They’re called “grey divorcees.” Men and women who divorced in their 50s or later, and now they’re struggling with money.
While most of the media coverage about divorce focuses on younger couples with children, and the financial burden that involves, it turns out there’s never a good time for marriages to disintegrate.
A new survey by the Investors Group reveals80 per cent of grey divorcees plan to delay retirement because they need to work longer than planned – and 62 percent say their post-divorce savings and investments aren’t enough to fund their retirement.

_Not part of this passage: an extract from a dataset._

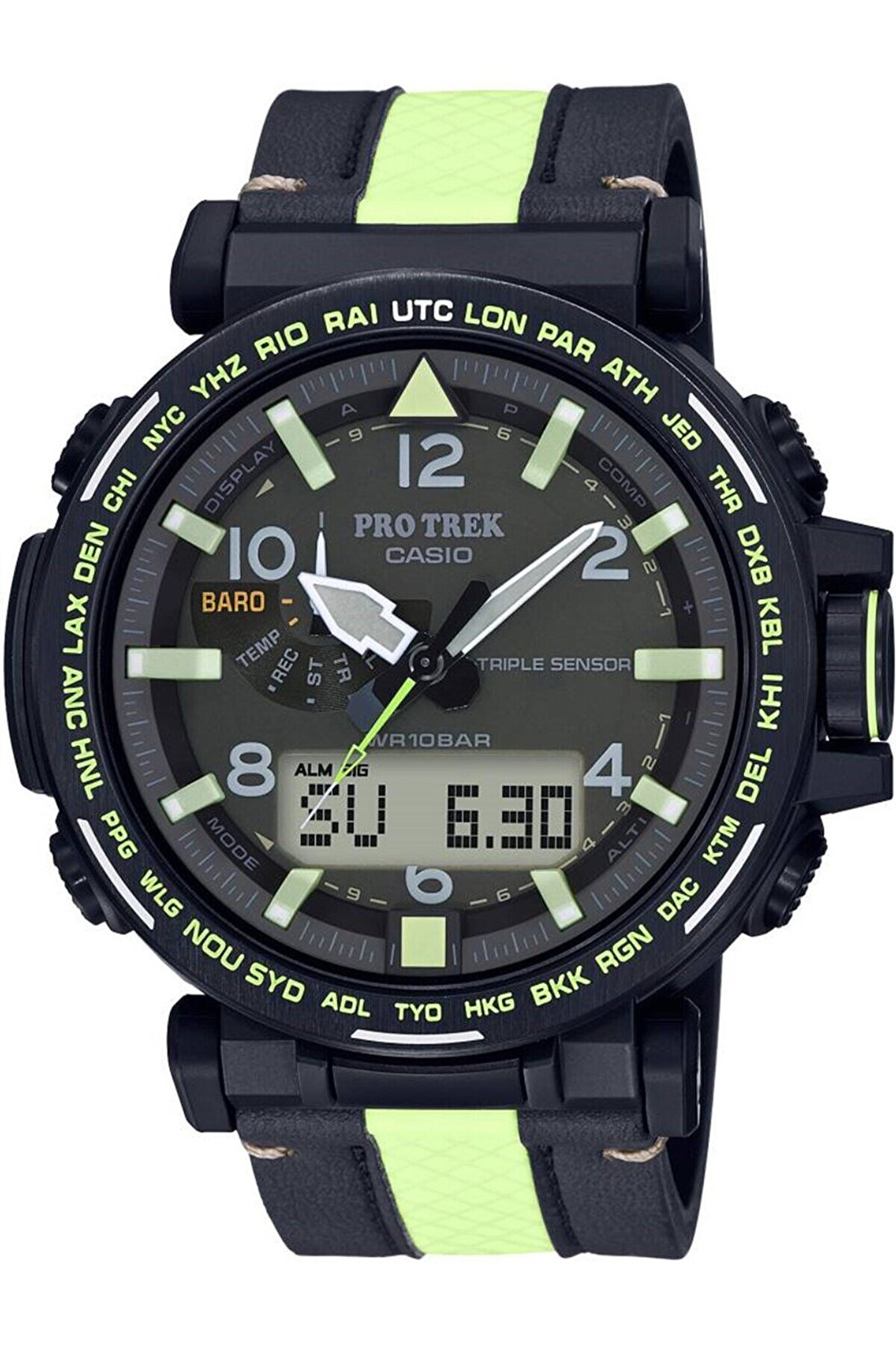 Temel Özellikler; Alarm, Altimetre, Aydınlatma, Barometre, Dünya Saatleri, Güneş Enerisi, Kronometre, Pusula, Rakım Ölçümü, Takvim, Termometre Genel Özellikler; Tarz : Outdoor Saat Seri : Pro Trek Kasa Şekli : Oval Kasa Cinsi : Plastik Kasa Rengi : Siyah Kadran Rengi : Siyah Kordon Rengi : Siyah-Yeşil Kordon Tipi : Deri Cam Tipi : Mineral Su Geçirmezlik : 100 Atm Ağırlık : 74 Gr Ölçü : 51.5x51.6x13.4 Makine Tipi : Analog / Digital Menşei : Tayland Diğer Özellikler; 12/24 Saat Formatı, Pil Seviye Göstergesi, Sessizlik Fonksiyonu, Vidalı Kurma Kolu, Düşük Derece Dayanıklığı, Otomatik Yerel Saat Kalibrasyonu

“Going through a divorce can be difficult at any age, but older couples face unique challenges in retirement planning as a result of later-in-life separations,” says Christine Van Cauwenberghe, assistant vice-president of tax and estate planning at Investors Group. “With limited earning power and less time to recoup their financial losses, grey divorcees need to re-visit their financial plans.”
Other survey findings…
Fifty-four percent of those who divorced at or past the age of 50 found it difficult to make financial decisions surrounding their divorce, and when it came to organizing their finances post-divorce or separation, almost one-third (31 per cent) found this task overwhelming.
Jeffrey Schwartz, executive director of Consolidated Credit Counseling Services of Canada, isn’t surprised at these findings.
“Divorce is a common cause of financial distress for many of our clients,” Schwartz says. “It’s hard enough to split joint property and figure out your individual finances. But when you add in the emotional stress from such a difficult decision, many people find themselves dealing with overwhelming debt.”